◆ What you will do
Could you transcribe every record below exactly, leaving out the pictures?

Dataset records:
□ □ □
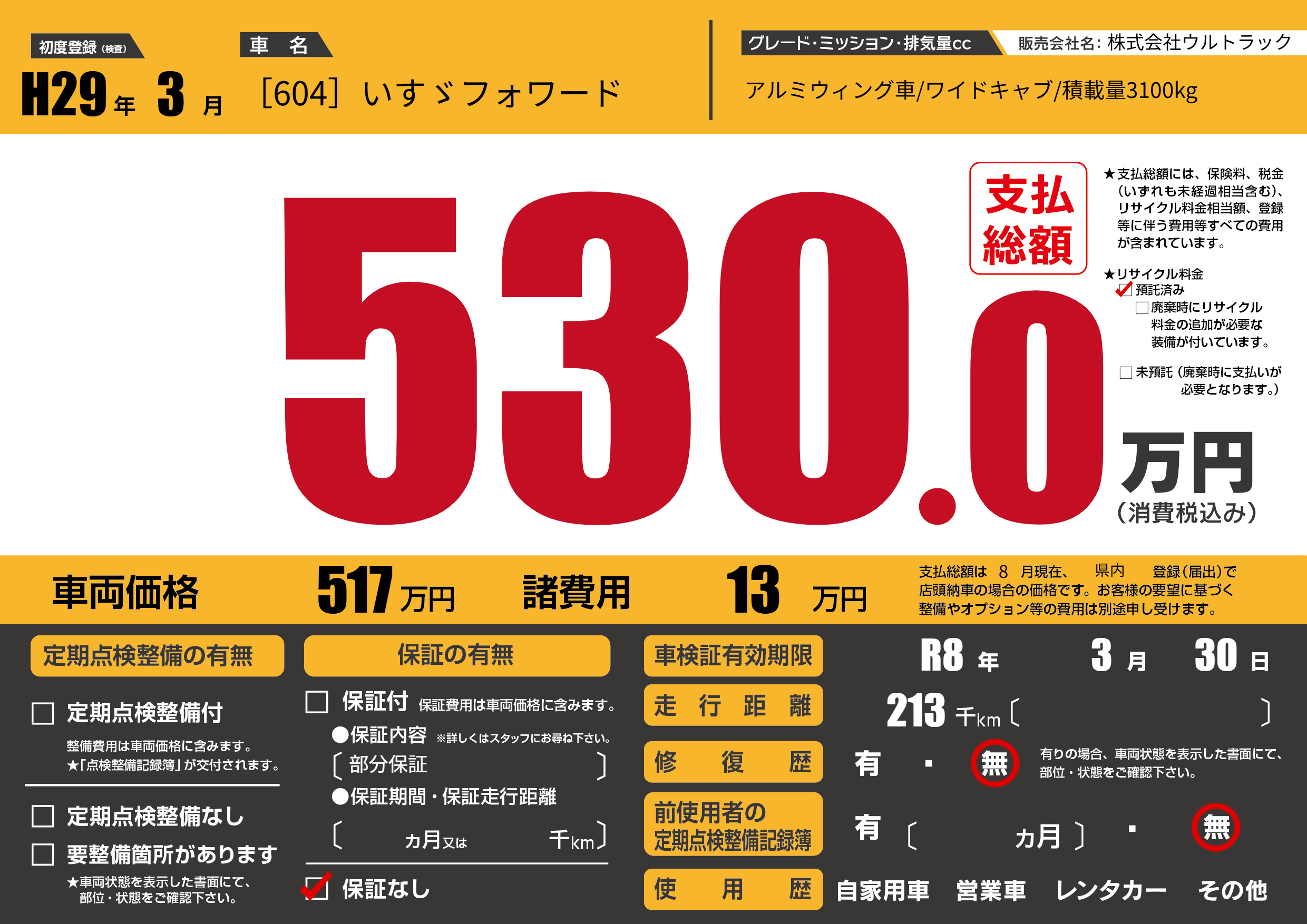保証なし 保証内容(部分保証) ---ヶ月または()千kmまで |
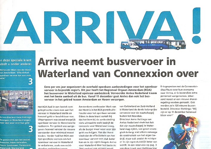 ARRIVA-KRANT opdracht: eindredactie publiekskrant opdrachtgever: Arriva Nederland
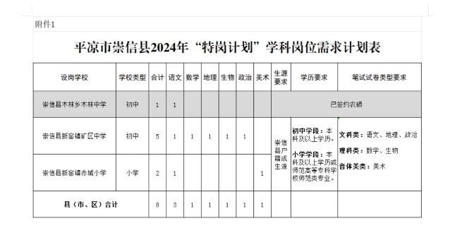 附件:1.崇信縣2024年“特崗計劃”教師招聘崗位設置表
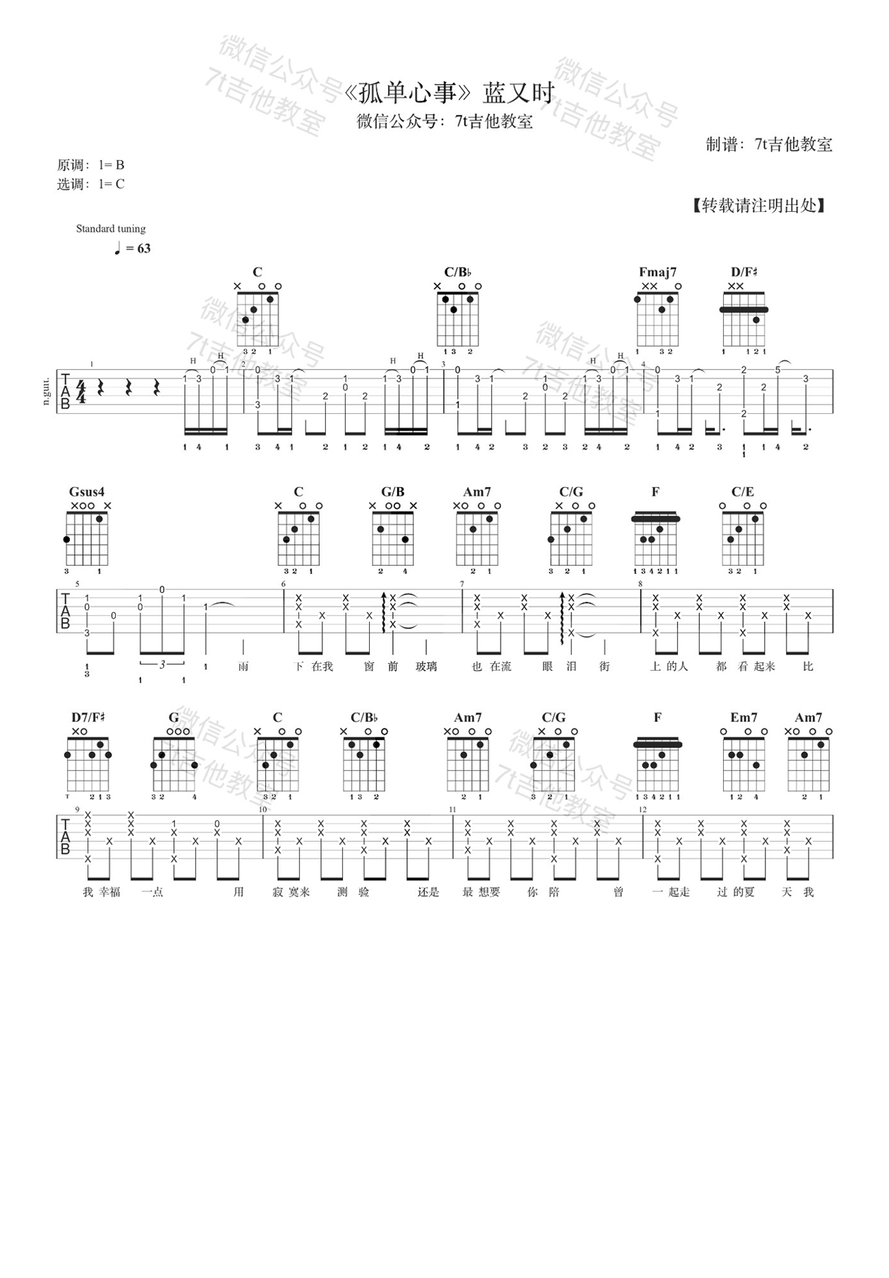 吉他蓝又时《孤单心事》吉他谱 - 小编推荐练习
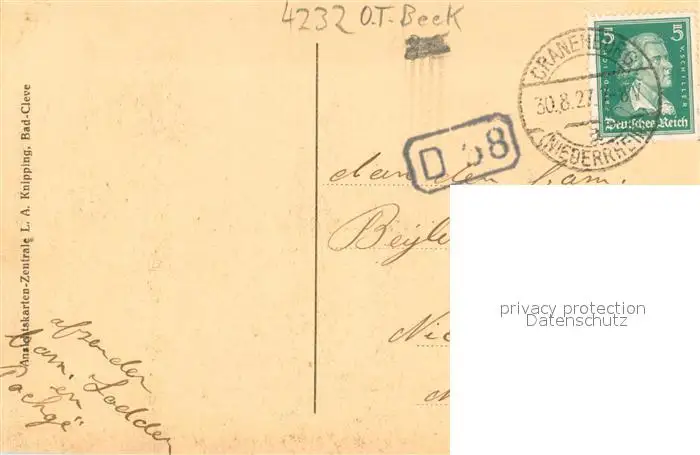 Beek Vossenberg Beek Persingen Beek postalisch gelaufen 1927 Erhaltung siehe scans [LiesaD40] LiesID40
□ □ □
◆ Solution to the problem
保証なし 保証内容(部分保証) ---ヶ月または()千kmまで |
 ARRIVA-KRANT opdracht: eindredactie publiekskrant opdrachtgever: Arriva Nederland
 附件:1.崇信縣2024年“特崗計劃”教師招聘崗位設置表
 吉他蓝又时《孤单心事》吉他谱 - 小编推荐练习
 Beek Vossenberg Beek Persingen Beek postalisch gelaufen 1927 Erhaltung siehe scans [LiesaD40] LiesID40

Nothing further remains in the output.